Rating: PG-13, Time: 1hr 56min, Director: Steven Spielberg, Cast on IMDb
How did they make the newspaper business and story exciting?
There is an exciting break in the history of Vietnam war that came to both the New York Times and Washington Post that threatens the Nixon Whitehouse and all the former presidents for having held the secret of the Vietnam war back from the US public called the Pentagon Papers. So the story is rich and dangerous. The really fun part of watching the movie is I saw it with someone that lived it, so you get a great insight on the period as well as challenging when a company or service came out. Too funny. So grab grandma and get out to the movie.
What did you think of Meryl Streep as Kay, the CEO of the paper?
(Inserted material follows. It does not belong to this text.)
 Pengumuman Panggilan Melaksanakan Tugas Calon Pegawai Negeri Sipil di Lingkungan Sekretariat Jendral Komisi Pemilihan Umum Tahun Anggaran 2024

Kay is a nice complex character of a woman that doesn't inherit the family paper directly. Her father passes on the reins of the business to her husband despite her being the daughter. He does a great job and is talented while she goes on to do the mother role of that period typical for many women. Then her husband up and dies, so the business is thrown to her hands. She is then forced to learn the business actively and become a leader. In the movie, they capture this kind of careful and a bit indecisive character flaws to the part. Later on she is forced to become the true leader and does. It has a great evolution of the character and how she is transformed. It also touches on how close relationships tend to influence how hard you dive into a story based on loyalty vs. the readers.
What did you think of Tom Hanks as Ben Bradlee?
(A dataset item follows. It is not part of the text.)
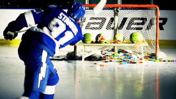 Fun stuff in this Bauer campaign for the equipment brand’s MX3 stick. Customers don’t need to be bored with blade redesign specs or flex availabilities. We just want to see an NHL star take point-blank slap shots at birthday cakes and gumball machines and donkey pinatas.

He has this strange role in that he is the Executive Editor at the Washington Times reporting to a CEO that is unsure of her role as a leader. He has a great leadership role with a loose reins about him. He is decisive and shows a bit of the bureaucracy in the newspaper of how do you decide which story to cover for the front page and lead the day with. If you take the wrong story, like a wedding, you may look the fool. He has decide how to get ahold of the Pentagon papers and from who as they are TOP SECRET.
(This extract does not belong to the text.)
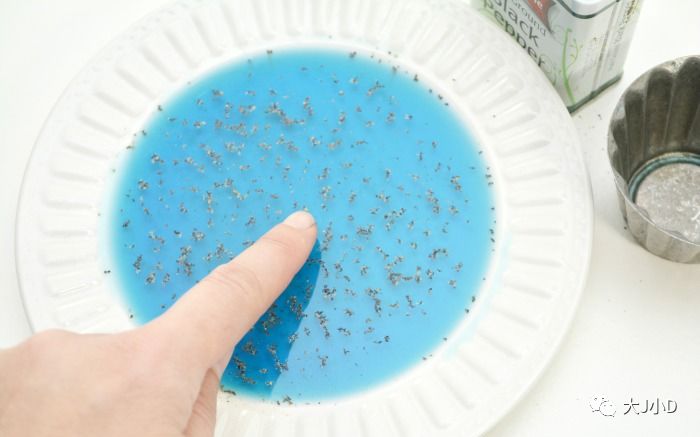 先在清水中撒一点胡椒粉,如果希望孩子更容易看到胡椒粉,可以在清水里滴一些颜料,但并不是必需。

'Who is the villain in the story?
McNamara is the key figure behind the powers for two presidencies: JFK and LBJ. In this role he continued the involvement of the US in Vietnam from "advisors" in the field to deciding to up the amount of troops on the ground from 900 advisors to 16,000 troops and later up and up to a full-blown war. He was one of the key deciders in recommending to up the ante in the war as well as discovering early on that their strategy was not going to work, but recommending to keep at it anyway. He likely led to the deaths of thousands of kids because he was hiding this decision from the public. Of course, no president wanted to own this issue of being first to drawdown troops and admit defeat. At the time, they military leaders believed it was crucial to stop communism in Vietnam to prevent the rest of Southeast Asia falling to the communism spread. If you look from 1942 - 1966, the USSR had expanded into controlling Poland, Czechoslovakia, Hungary, East Germany, Lithuania, Estonia, Romania, Albania and part of Japan islands even. Additionally, Cuba flipped from a democratic authoritarian government to communism. China flipped from authoritarian fascist state to communism. North Korea and the Korean war came out. So the threat was very real in the day. So McNamara is kind of this slippery snake in the film. In reality, he tried to convince both presidents that the policy was failing and eventually left politics after LBJ. In the film, he has all these connections with the newspaper, especially with Kay, the CEO that is desperately trying to protect the president from scandal, but seeing the inevitable.
What were your favorite parts?
One of my favorite parts is that they have Nixon in the White House discussing the break of the Pentagon Papers scandal. It really is humous as they show Nixon from the back from outside of the White House, so it looks kind of like he's in a jail cell symbolically and they use the real Nixon tapes, since he taped all the conversations in the film. This really helps cement the story to the time and really nails the story down in relevancy. Another fun part is they lead a bit into the later break of the Watergate scandal. Definitely, this really added the spice to the story with small doses of the paranoia of this leader and his trying to undermine the whole story.
Do you have art related to this era?
I think the best connection, would be the Soviet and US escalation of nuclear testing. My painting delt with the end of the first stage of testing: creating the largest single bomb. The Soviets created a 50 megaton bomb called the Tsar Bomba that rose all the way into space with the mushroom cloud. I really identified with the fear the public must have lived through in the 60s. Of course, with the Trump presidency and staring down North Korean as well as the recent nuclear bomb scare in Hawaii are making this highly relative again, sadly. Even the atomic doomsday clock has been set to 2 minutes to midnight recently.